History of Versailles

    Rich in history that saw the Miami, Delaware, Potawatomi, and Shawnee Indians hunting the area, on top of a bluff overlooking Laughery Creek, Ripley County became a part of the State of Indiana after a proposal in 1816 that a new county be formed . This county was named for General Eleazer Wheelock Ripley, a hero of the War of 1812.
     On January 7, 1818, by an act of the General Assembly, John DePauw from Washington County, Charles Beggs of Franklin County, and W. H. Eades of Jennings County, were appointed to select a site for the new county seat. Earning three dollars a day for this task, the first three Commissioners settled on a hundred acre tract donated by John Paul of Madison (Jefferson County), a land speculator and founder of the town of Madison and Xenia, Ohio.  The county seat was named Versailles in honor of DePauw’s native city in France and was laid out as a town of 186 lots by John Ritchie.
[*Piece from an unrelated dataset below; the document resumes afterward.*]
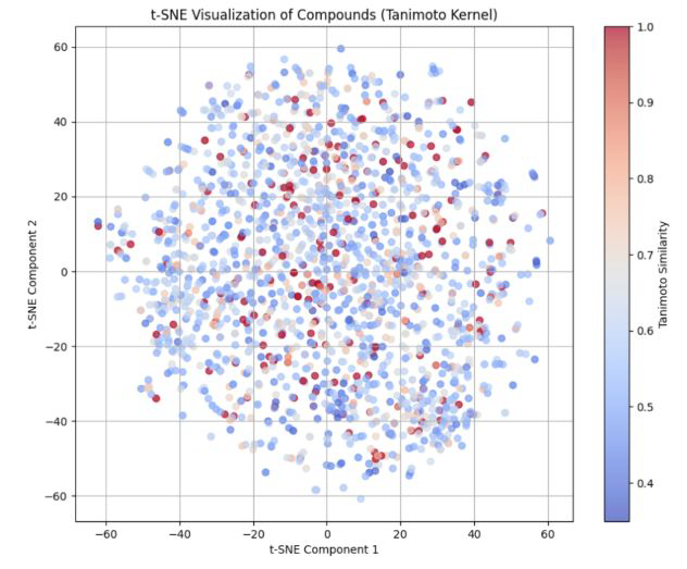 t-SNE visualization of compounds. t-SNE component 2 (y axis), t-SNE component 1 (x axis).

     Ripley County, located in the southeastern part of Indiana, has 450 square miles or 288,000 acres. It is 27 miles north to south and 19 miles east to west with an elevation ranging from 600 feet to 100 feet above sea level. Laughery Creek, named for Colonel Archibold Lochry who fought in the Revolutionary War, flows through the county. http://ripleycounty.com/history.asp

     In 1821, a contract was let for the first courthouse.  It was built in the center of the square, where the current courthouse stands.  More space was needed and an additional building was built for the Clerk's offices on the southwest corner of the courtyard.
     By 1860 a larger building was required and construction began on a new brick building.  The Civil War slowed progress and the building was not complete until 1863.  This building is still in use today.  In 1991 the old white paint was removed and other renovations were made.
     The courthouse had a clock tower added in 1932 with money donated by Florence Grether in memory of her late husband.  Its chimes ring out every quarter of an hour and can be heard throughout most of the town.  A cannon was later moved to the southwest corner of the courtyard after the Clerk's office building was razed.  It stands as a memorial to Ripley County citizens who served the country in times of war.
     The courtyard was the scene of a dramatic episode in Ripley County history in early June of 1863.  General John Hunt Morgan of the Confederate Army led approximately 2,000 cavalry troops into southern Indiana in an attempt to draw Union forces north of the Ohio River.
     As he neared Versailles, a militia organized to right but disbanded when the Confederate force came into the town from the southwest.  General Morgan aimed a cannon at the newly built courthouse and threatened to fire if his troops were met with any armed resistance.  Guns were confiscated and broken over a corner of the courthouse.
     The county treasury, Mason jewels, food, possessions and livestock were confiscated by Morgan's raiding cavalry.  When Morgan discovered that his men had taken the Mason jewels, he ordered them returned because he was a Mason himself.  They can still be seen at the Lodge Hall.
     Land for the Cliff Hill Cemetery, so named because of its location, was donated by John Paul in 1827.  Legend tells of a Dr. Jonathan Gordon and two medical students from Napoleon, John Glass and Bernard Mullen, who came to the cemetery one night in 1846 to dig up the corpse of a patient who had died of an unknown cause while under Gordon's care.  The three men were curious to find out the reason for the patient's demise.
     When a guard sounded the alarm and a mob of angry citizens entered the cemetery, Glass, unfamiliar with the landscape, ran through the brush, falling off the steep cliff.  Gordon fled the state and the injured Glass and Mullen were indicted never went to trial.  Even though Glass fell over the embankment, the overlook in the Cliff Hill Cemetery has since been known as "Gordon's Leap".
     The cemetery was also near the site of the famous hanging tree.  In 1897 a group of young men were terrorizing the county by committing theft, arson, battery and murder.  Five members of the gang were caught and put in the county jail at the edge of Cliff Hill Cemetery.
     On the night of September 14, a mob of several hundred men met in Napoleon to decide what was to be done.  The men reportedly drew straws to decide which of them was to actually carry out the raid on the jail.  At twenty minutes past midnight on September 15, several men wearing handkerchiefs over their faces burst into the jail.  They took the keys and locked the jailers into a cell.  They then beat and dragged the five men in the gang out of the jail two blocks to an elm tree on the edge of the cliff.
     All five men were hanged on the same tree.  Only one was found to have actually died of strangulation.  Governor James Mount, upset over the incident, sent a special investigator to find those responsible.
     After much interrogation of witnesses, all supplying alibis for the other, the case was officially closed with the state Attorney General making an official summation that the leader of the gang broke out of jail, stole a gun, shot his friends and hanged them, then shot himself and hanged himself.